To encapsulate those two different behaviors, I plan to decorate the Game class with two classes : CommandLineGame and GUIGame which have only one attribute : Game and handle their own kind of Exception. Is it a good idea ? Is there a better one ? The problem of such a solution is that every model class raising Exception depending on its origin has to be decorated...
What you are describing in the example is "input validation". Strictly speaking*, this belongs in the Controller ("C Part") of MVC.
The separation of concerns for MVC decomposes as follows:
View is there to 1) present a UI for the user to evaluate the state of the program (Also, what your program looks like visually) and 2) to receive the user's expression of intent (receive raw instructions on what they may want to do)
Controller is the actual interpreter of these "actions" or "intentions" from the user. It decides what it means for a user to click a particular button and what to call in your model. It decides whether a particular input actually makes sense given context from the UI (and in some case from the model).
Model should be View/Controller agnostic (Meaning the model should have no knowledge of the View/Controller). It should only be about the internal representation of what you are trying to "model". The advantage of doing it this way: you can have many different UIs, or change your existing UIs without affecting the model.
Overall, the idea is to lower coupling and increase cohesion.

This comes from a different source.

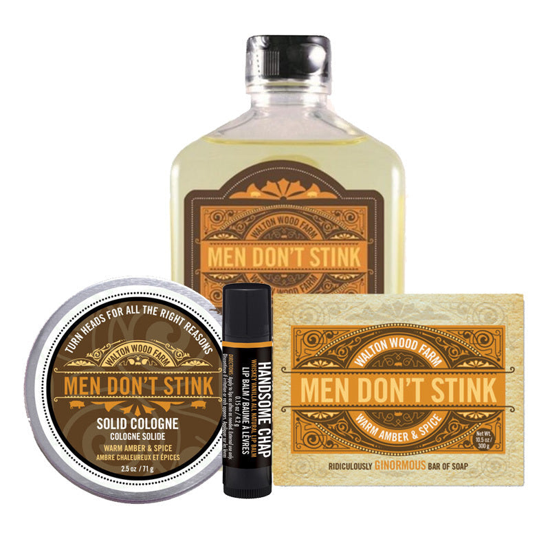 It includes our Men Don’t Stink All-In-One Body Wash & Shampoo for a clean, efficient shower routine, paired with the Warm Amber & Spice 10.5oz Soap Bar for a rich, masculine lather. The Men Don’t Stink 2.5oz Solid Cologne adds long-lasting scent without overpowering, while the Handsome Chap Lip Balm keeps lips comfortable and hydrated year-round.

I hope that makes sense =)
Depending on the language / framework, the lines between MVC components get blurred a bit. Some idioms will lump most of Controller into the View, but the encapsulation of logic should stay relatively similar.
*In practice, for defensive programming, input validation is done twice for mutual suspicion: they are broken down into client-side mediation and server-side mediation:
In this case, the Model part should handle the "server-side" mediation: it should check that the arguments passed to its functions actually make sense before proceeding.
Similarly, the Controller/View part should check the input as part of "client-side" mediation, so that it can warn the user right away, without passing it back to the model, and then eventually back to the view.
It will keep your code very clean, something i like a lot from an academic perspective.
On the other hand do you need to introduce this kind of design complexity for a simple problem like this?
So, if you need the code to be clean... GO for it.
if i have a class gui and a class for the logic, is holding a reference in gui to logic and logic to gui very bad?
As a general rule it is bad to have the "logic" class having knowledge of the "gui" class. The idea behind the separation is the Model/View design pattern (or Model/View/Controller). The view will need a reference to the model. Look really closely at why the model needs a reference to the view. Usually when the model needs to send information to the view event listeners are used (see javax.swing table and list models for an example).
It should be avoided.
In your GUI, you can have a reference to your Domain Logic, but you should not have a reference to your GUI in your domain logic.
Why ?
Because otherwise, you have no advantage of splitting GUI & Domain logic up in separate files. When your Logic has a dependency to your GUI, then you cannot use your Logic with another GUI.
So, you should try to avoid this dependency from your logic to your gui, or, you should make abstraction of it.
I hope i'm making myself clear here. :)
If you can avoid it, you probably should. Otherwise you might get into a lot of problems with circular dependencies later.
Do they really have to know about each other, or could you have a third "control" concept referencing the two?
The GUI probably needs to expose some kind of interface to the logic class, to have the GUI update when the logic class changes something.
The logic should not have direct knowledge of the the GUI implementation, only its interface.
The Observer Pattern is sometimes used for this.